_Problem statement_. Check each line of the entries for the string "року". Report only how many lines have it.

_Records to process_.
== Segment start ==
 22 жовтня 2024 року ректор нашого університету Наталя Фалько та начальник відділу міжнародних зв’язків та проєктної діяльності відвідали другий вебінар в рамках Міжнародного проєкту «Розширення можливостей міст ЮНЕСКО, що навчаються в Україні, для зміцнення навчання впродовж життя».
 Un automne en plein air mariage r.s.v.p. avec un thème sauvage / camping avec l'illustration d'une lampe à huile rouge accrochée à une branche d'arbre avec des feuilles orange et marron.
== Segment end ==
== Segment start ==
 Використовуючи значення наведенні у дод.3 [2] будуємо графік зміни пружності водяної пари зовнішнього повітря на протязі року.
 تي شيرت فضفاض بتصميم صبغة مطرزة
== Segment end ==
_Response for this exercise_. 2